RVAI further extends our capabilities to meet the data analytics, data visualization and information sharing needs of our
customers, and this acquisition is part of our strategy to enhance our Intelligence, Information and Services (IIS) offerings.
In connection with this acquisition, we have recorded $12 million of goodwill, primarily related to expected synergies from
combining operations and the value of the existing workforce, and $3 million of intangible assets, primarily related to
technology and customer relationships with a weighted-average life of seven years.
In December 2012, we acquired the Government Solutions business of SafeNet, Inc., subsequently renamed Raytheon Secure
Information Systems, LLC (RSIS) for approximately $280 million in cash, net of cash acquired and exclusive of retention
payments. RSIS was integrated into our Space and Airborne Systems (SAS) business, within the Integrated Communications
Systems product line as the Secure Information Systems product area. RSIS provides advanced encryption capabilities needed
by government and industry customers to protect classified data. In connection with this transaction we have recorded $195
million of goodwill related to expected synergies from combining operations and the value of the existing workforce, and
$75 million of intangible assets, primarily related to technology with a weighted-average life of eight years.

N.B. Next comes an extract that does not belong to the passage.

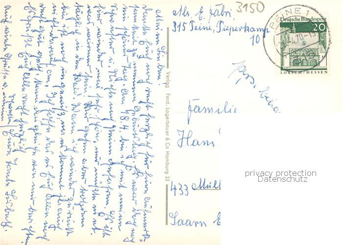 73869416 alte Postkarte Peine Kath Kirche Telgte Ev Kirche Strassenpartien Park Waldweg postalisch gelaufen Erhaltung siehe scans [WerneD78] KatCode: 11110003157006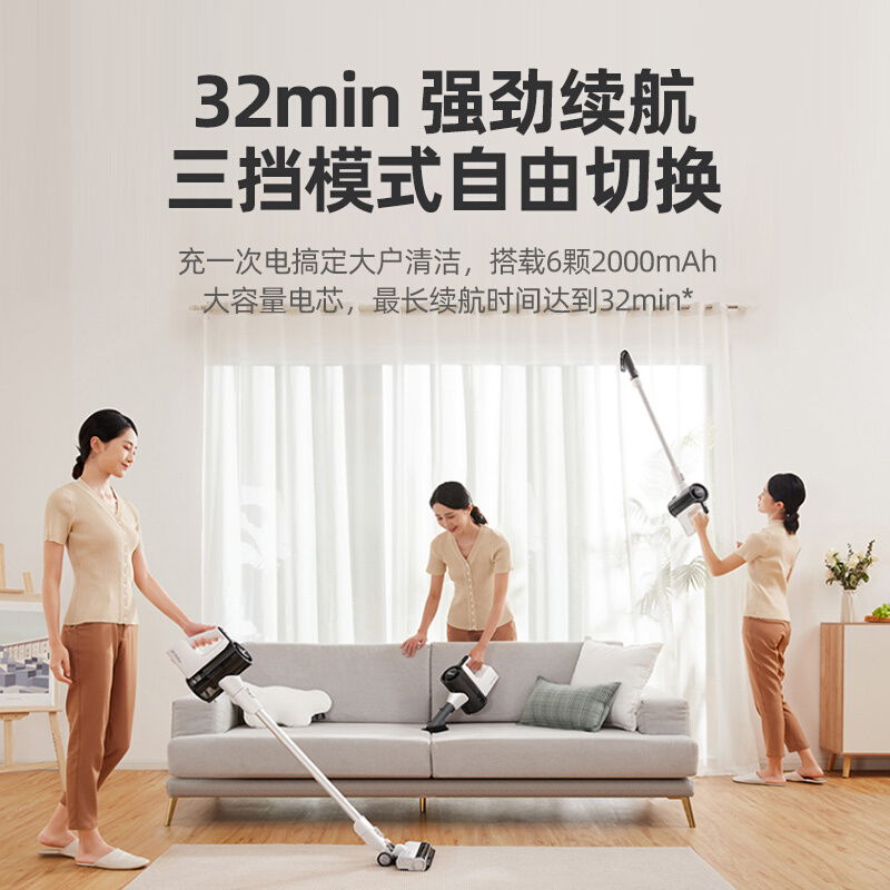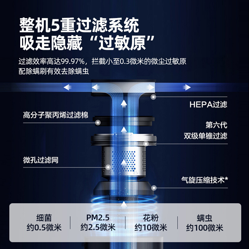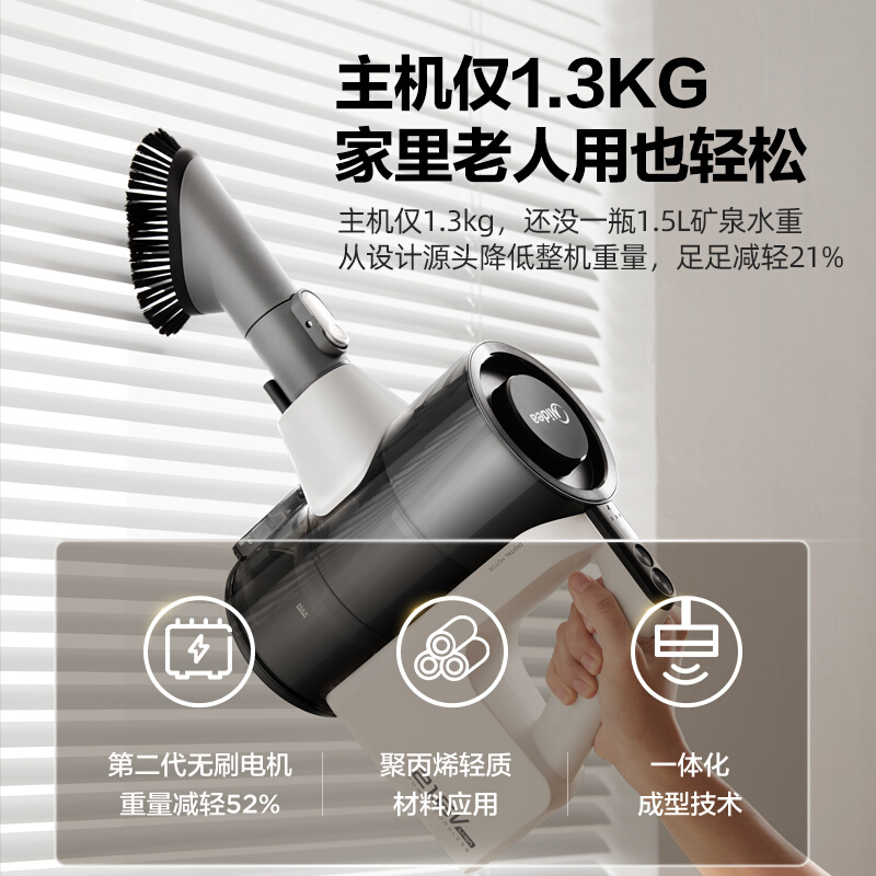 主机仅1.3KG,单手轻快吸,从设计源头降低整机重量, 重量足足减轻21%。第2代高性能无刷电机,转速高达1.5万转/min, 可稳定输出19kPa强劲吸力,有效拔除各类微尘。双级单锥分离系统,将大颗粒微尘甩到尘杯 底部,减轻过件负荷,同时防止二次污染。

Additionally, in 2012 we acquired Teligy, Inc., subsequently renamed Raytheon Teligy, Inc., and an Australian company,
Poseidon Scientific Instruments Pty Ltd., for an aggregate of $22 million in cash, net of cash acquired. Raytheon Teligy, Inc.
further extends our cybersecurity offerings in wireless communications at Intelligence, Information and Services (IIS). The
Poseidon Scientific Instruments Pty Ltd. acquisition is part of our strategy to extend and enhance our Integrated Defense
Systems (IDS) offerings. In connection with these acquisitions we recorded $15 million of goodwill, primarily related to
expected synergies from combining operations, and $5 million of intangible assets, primarily related to customer relationships
and technology with a weighted-average life of six years.
Pro forma financial information and revenue from the date of acquisition has not been provided for these acquisitions as they
are not material either individually or in the aggregate.
We funded each of the above acquisitions using cash on hand. The operating results of these businesses have been included
in our consolidated results as of the respective closing dates of the acquisitions. The purchase price of these businesses has
been allocated to the estimated fair value of net tangible and intangible assets acquired, with any excess purchase price recorded
as goodwill.
The total amount of goodwill that is expected to be deductible for tax purposes related to these acquisitions was $489 million
at December 31, 2014.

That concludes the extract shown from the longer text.